Core Concepts
We present two policy gradient-based algorithms that achieve improved regret bounds compared to the state-of-the-art for infinite horizon average reward Markov Decision Processes with general policy parameterization.
Abstract
The paper presents two policy gradient-based algorithms for solving infinite horizon average reward Markov Decision Processes (MDPs) with general policy parameterization.
Key highlights:
The first algorithm employs implicit gradient transport for variance reduction, achieving a regret bound of order ~O(T^{3/5}).
The second algorithm utilizes a Hessian-based technique, attaining a regret bound of order ~O(√T), which is optimal.
These results significantly improve upon the existing state-of-the-art regret bound of ~O(T^{3/4}).
The authors address technical challenges in adapting variance reduction techniques from the discounted reward setup to the average reward setup.
The algorithms only require sampling a single trajectory per iteration and have similar memory and computational complexity to Hessian-free methods.
The paper first provides an overview of related work in policy gradient methods for discounted reward MDPs and model-based/tabular approaches for average reward MDPs.

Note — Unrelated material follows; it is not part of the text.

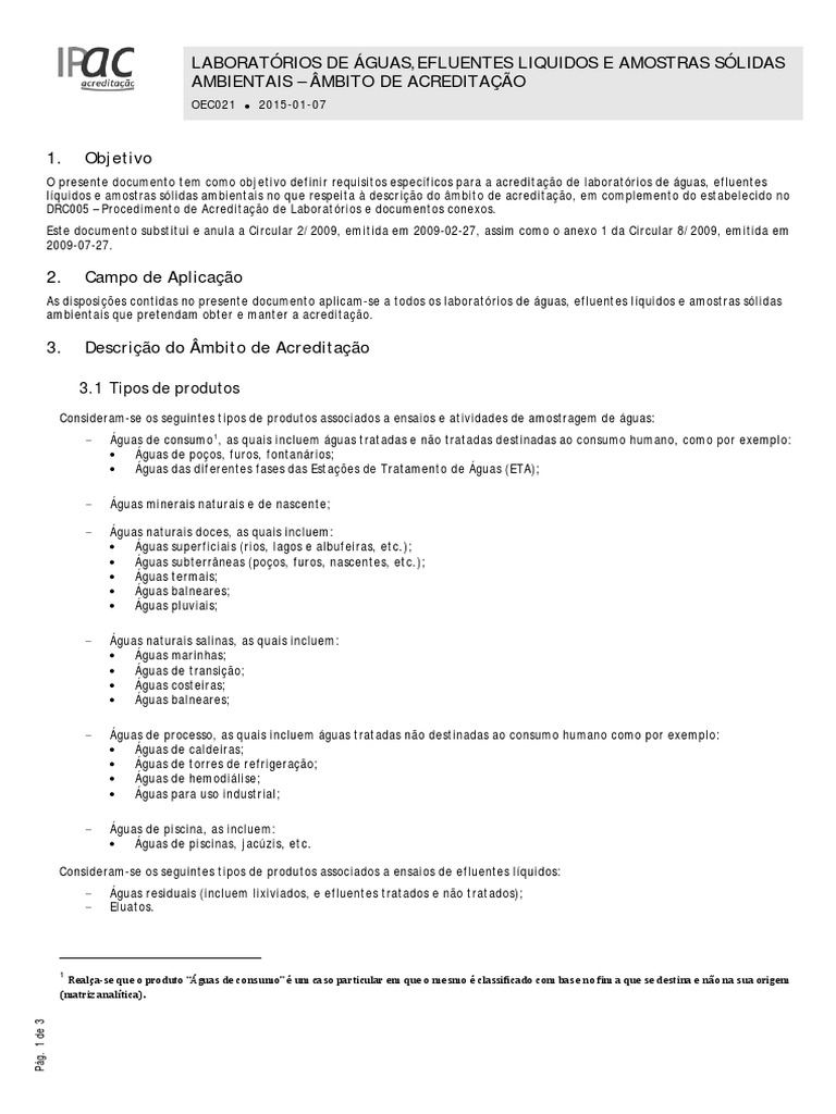 O presente documento tem como objetivo definir requisitos específicos para a acreditação de laboratórios de águas, efluentes líquidos e amostras sólidas ambientais no que respeita à descrição do âmbito de acreditação, em complemento do estabelecido no DRC005 – Procedimento de Acreditação de Laboratórios e documentos conexos.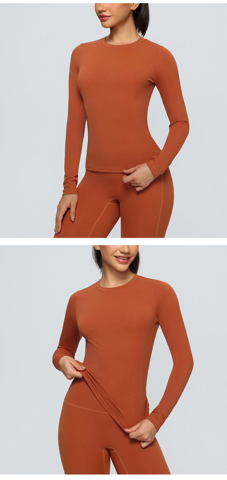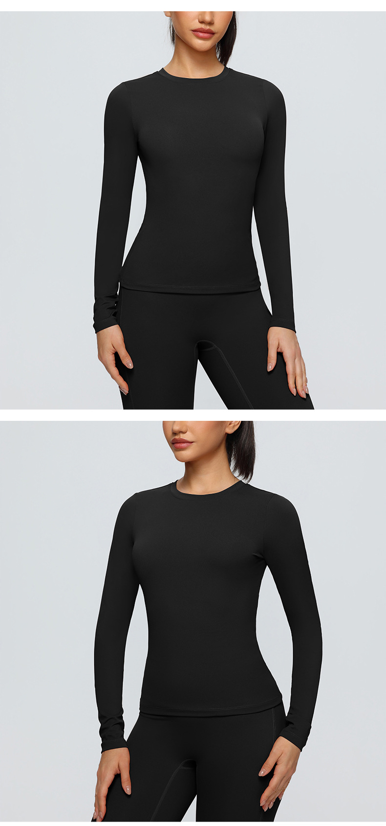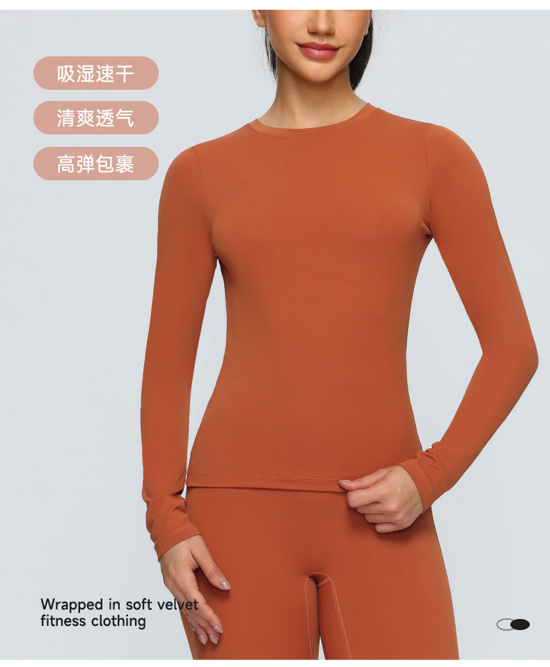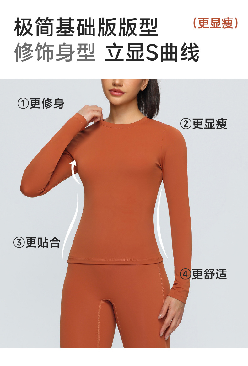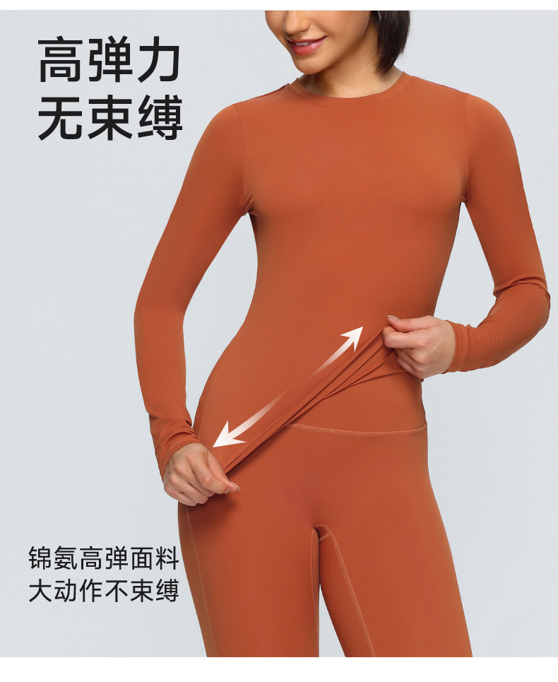 跃牌【欲动春风】系列 双面磨毛瑜伽长袖紧身训练运动T恤透气健身瑜伽服女52540

It then introduces the problem setup and key assumptions.
The two proposed algorithms are then described in detail:
Parameterized Policy Gradient with Implicit Gradient Transport:
Utilizes implicit gradient transport for variance reduction without requiring importance sampling or curvature information.
Achieves a regret bound of order ~O(T^{3/5}).
Parameterized Hessian-aided Policy Gradient:
Incorporates second-order information via Hessian estimates.
Attains a regret bound of order ~O(√T), which is optimal.
The paper provides a detailed proof outline, establishing key lemmas on the properties of the gradient and Hessian estimators, as well as bounds on the expected regret for both algorithms.